5.1.1 Mechanistic role of resveratrol

Mechanistically, resveratrol primarily inhibits NADPH oxidase, decreases the production of ROS, and preserves activity of crucial antioxidant enzymes, including SOD, CAT, as well as glutathione peroxidase (Li M. et al., 2024). The modifications induced by resveratrol decrease lipid peroxidation, enhance cardiomyocyte viability, and decrease cardiac hypertrophy (Aires and Delmas, 2015). Resveratrol significantly mitigates cardiac metabolic diseases by the process involves reestablishing glucose homeostasis, regulating free fatty acid oxidation (FFAO), and increasing glucose consumption (Sulaiman et al., 2010). These processes enhance the metabolism of cardiac energy, especially in cardiomyocytes when glucose levels are elevated (Kolwicz Jr and Tian, 2011).

Currently, numerous studies suggest that resveratrol protects mitochondrial oxidation in endothelial cells, supports endothelial function, and it improves blood circulation and cardiac function by promoting vasodilation and vascular angiogenesis (Schmitt et al., 2010). Administration mitigated increased ROS production, MDA levels, the percentage of apoptotic cells, and Bax expression, while also enhancing SOD activity in rat CMEC. The substance also demonstrated antioxidative and anti-apoptotic properties by activating AMPK/Sirt1 (Li J. et al., 2023). The antioxidant properties of resveratrol through SIRT1 are illustrated by its activation of AMPK (Ungurianu et al., 2023). This activation inhibits NADPH oxidase an enzyme that generates ROS and increases SOD levels, leading to reduced OS (Ilkun and Boudina, 2013). The resveratrol action is attributed to an increase in antioxidant enzyme activity, which varies with age, particularly through modulating crucial pathways (Zhang et al., 2021). Analysis of SIRT1 revealed that the pathway is silenced in leukocytes treated with resveratrol during aging (Xia et al., 2020). SIRT1 affects the acetylation of FOXO family TFs, which are crucial for lipid and glucose metabolism and cellular response to OS (Nayakanti, 2022). The interaction between SIRT1 and AMPK enhances FOXO3 transcriptional activity, thereby increasing MnSOD production in cells with higher FOXO3 levels (Ho et al., 2022).

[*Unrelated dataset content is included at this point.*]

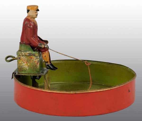 Description German. Working. When wound, arm with fishing pole moves up and down. Very unusual toy with some pitting to metal at bottom of pond and some paint touchup to figure's arms, head, and neck. Condition (Very Good). Size Figure: 4" T.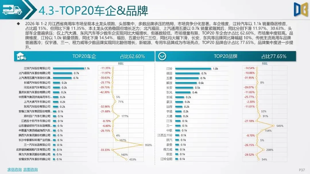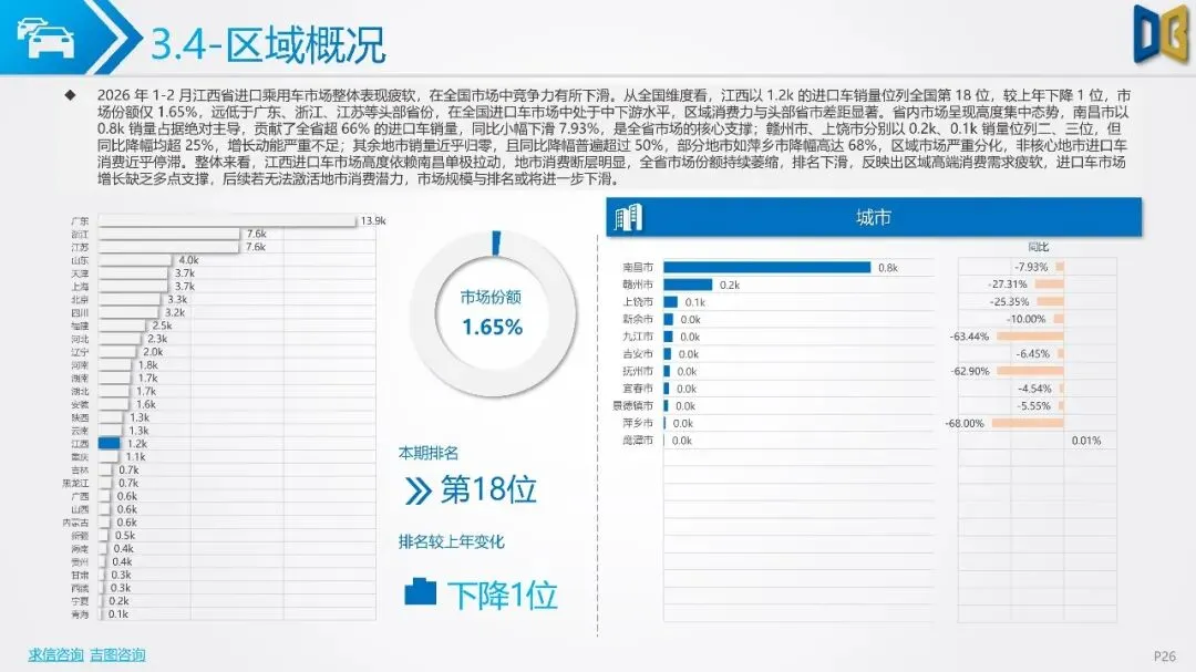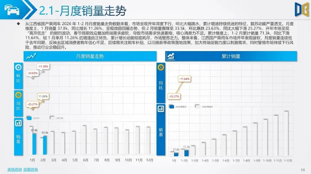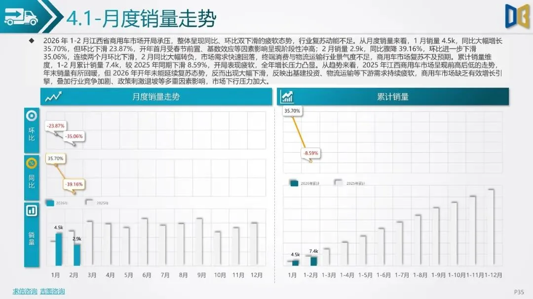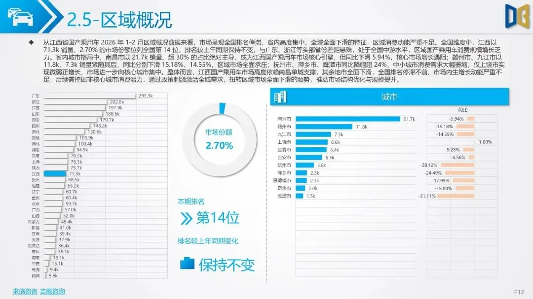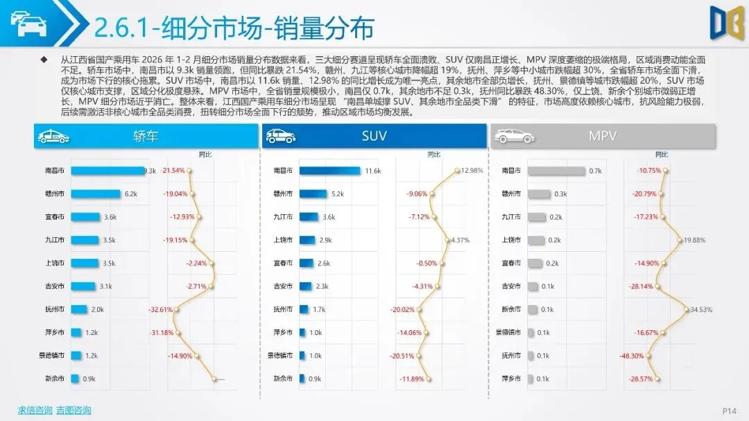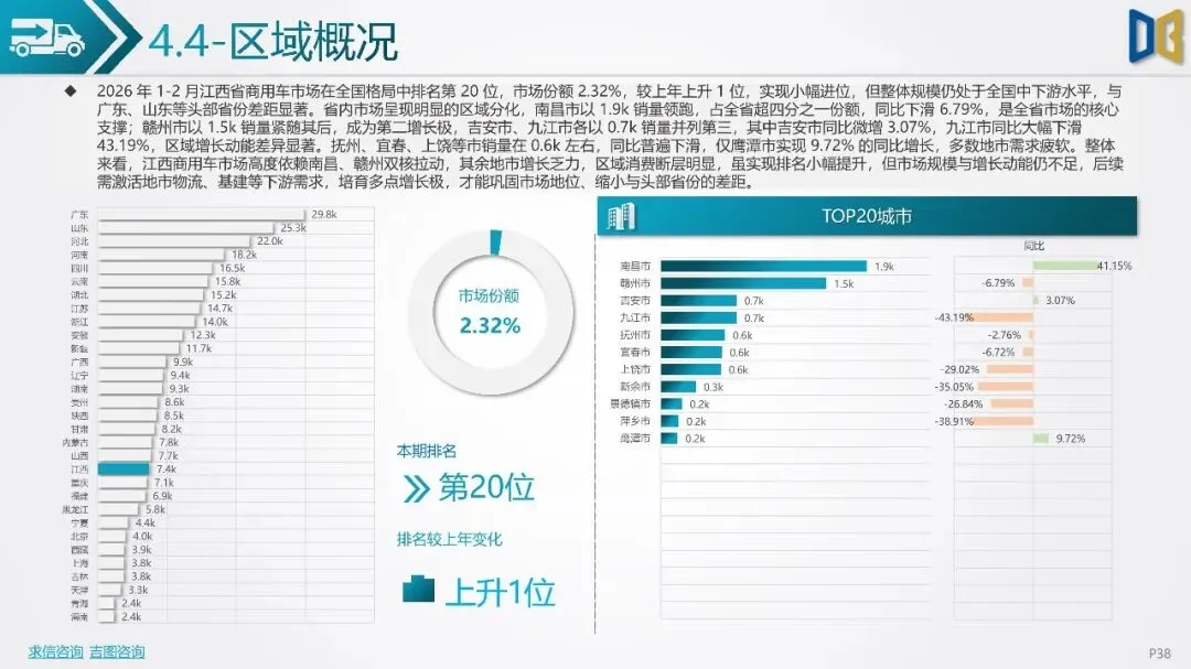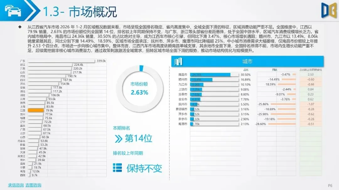 商用车市场同样承压,月度销量同比大幅下滑,货车成为市场核心,新能源商用车加速渗透。分城市看,南昌市为核心引擎,但同比下滑,其他地市全面承压。车企方面,头部品牌份额下滑,新势力品牌成为增长亮点。整体来看,江西省汽车市场面临较大增长压力,需政策刺激与消费提振以推动市场复苏。

Additionally, resveratrol activated SIRT3/FOXO3a-dependent antioxidant enzymes, leading to a reduction in oxidative and DNA damage. Through the activation of the SIRT3/FOXO3a signaling pathway, obese mice that were given extended resveratrol demonstrated a decrease in the damage caused by myocardial ischemia (Zhu et al., 2024). By inhibiting NADPH oxidase, ROS production is diminished, thus decreasing OS (Kitamoto et al., 2018). Furthermore, the complex, including SIRT1 (Hsu et al., 2008), FOXO3 (Tseng et al., 2013), and PGC-1α (Feng et al., 2019), activates Nrf2 (Kasai et al., 2020), a transcriptional regulator, enhancing antioxidant response gene expression and promoting MnSOD production to protect mitochondria from oxidative damage (Zhang et al., 2021). Additionally, resveratrol may effectively inhibit oxidation and inflammation associated with ageing, notably via the antioxidant and anti-inflammatory Nrf2 pathway (Franco et al., 2025). In aged mice resveratrol reduced the expression of TLR4, NF-κB, p65, and Notch 1 proteins, leading to lowering pro-inflammatory cytokine levels. This suggesting heart protection depends on suppressing the Notch/NF-κB pathway (Sahu et al., 2024). Middle-aged individuals exhibited an improved anti-inflammatory profile in response to resveratrol compared to elderly individuals, particularly in the middle group. This response resulted in a reduction of key biomarkers associated with oxidation and inflammation (Santos et al., 2023).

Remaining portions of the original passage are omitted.